Stage 1: Calibrating MegaDetector for Uruguayan Fauna
Chapter Summary: This section describes how I systematically tested 27 parameter configurations to optimize MegaDetector for small Uruguayan animals, achieving 2x speedup + 15% recall gain over defaults.
Results Preview:
- Optimal config: conf=0.20, stride=2, min_area=0.005
- Recall improvement: +15% over default settings
- Speed gain: 2x faster processing
- Key insight: Defaults missed 30% of small animals (birds, hares)
MegaDetector is an incredibly useful starting point: a YOLOv5 model pretrained on ~5 million camera trap images from around the world. But “pretrained” doesn’t mean “plug-and-play.” The default parameters are tuned for North American and African wildlife—larger animals, different ecosystems, different camera setups.

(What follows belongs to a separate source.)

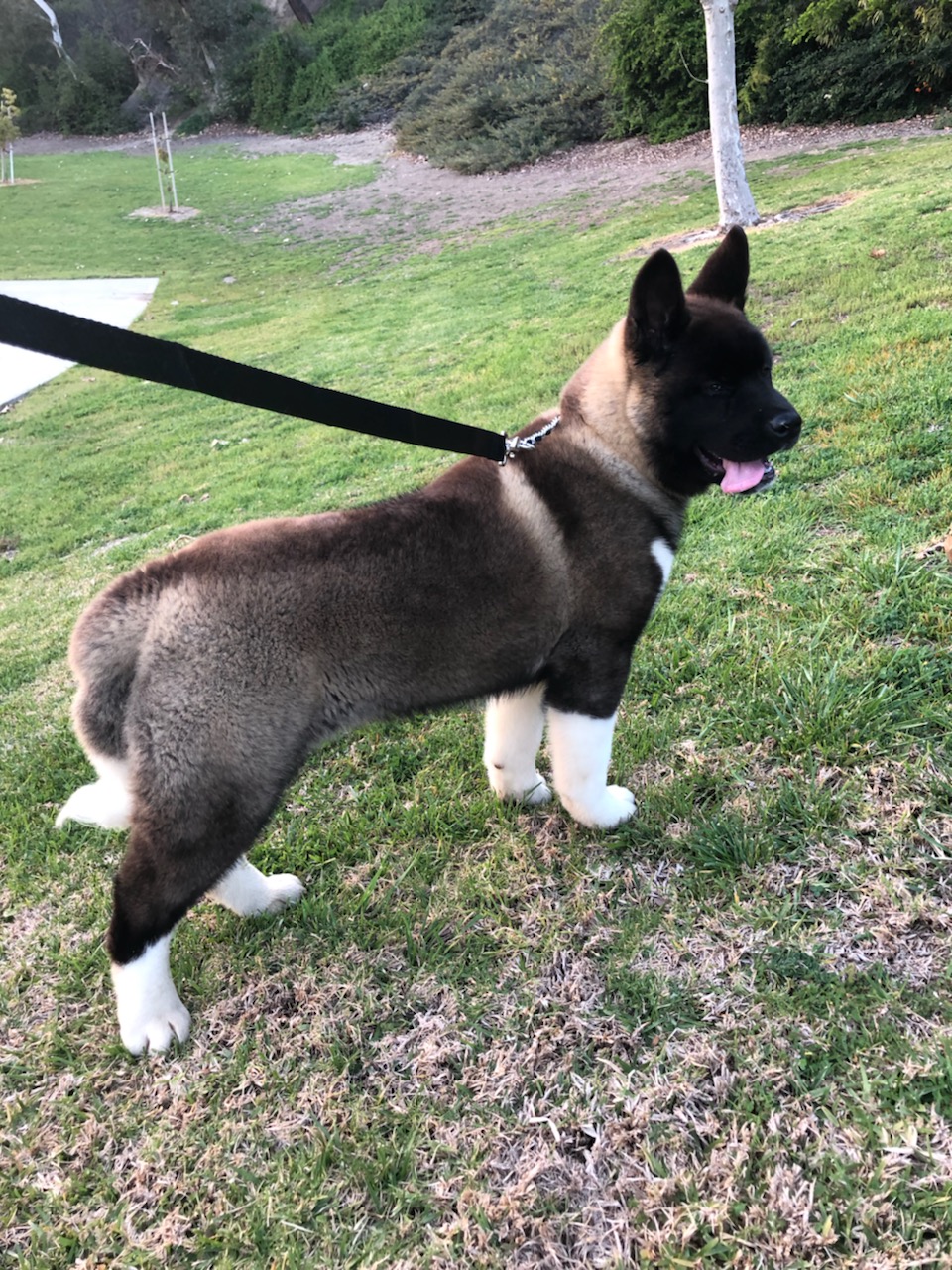 Pet Description:Akita puppy brown and tan with white paws |

When I first ran MegaDetector on Uruguayan footage with default settings, I hit two problems:
- Missed small animals: Birds, hares, and distant margays were often below the confidence threshold or minimum detection area.
- Redundant processing: At 30 FPS, processing every single frame was painfully slow and wasteful—consecutive frames are nearly identical in static camera traps.
Why Defaults Fail: MegaDetector’s default conf_threshold=0.55 is optimized for large African megafauna. Uruguayan birds and hares often score 0.20-0.40, causing 30% of animals to be missed entirely.
I needed to calibrate three key parameters:
conf_threshold: Minimum confidence score to keep a detectionframe_stride: Sample every Nth frame (e.g., stride=2 means every other frame)min_area_ratio: Minimum bounding box area (as fraction of frame)
Rather than guessing, I designed Experiment 001: MegaDetector Parameter Sweep to find the optimal configuration systematically.
The Parameter Grid
I set up a 3×3×3 grid: 27 configurations total.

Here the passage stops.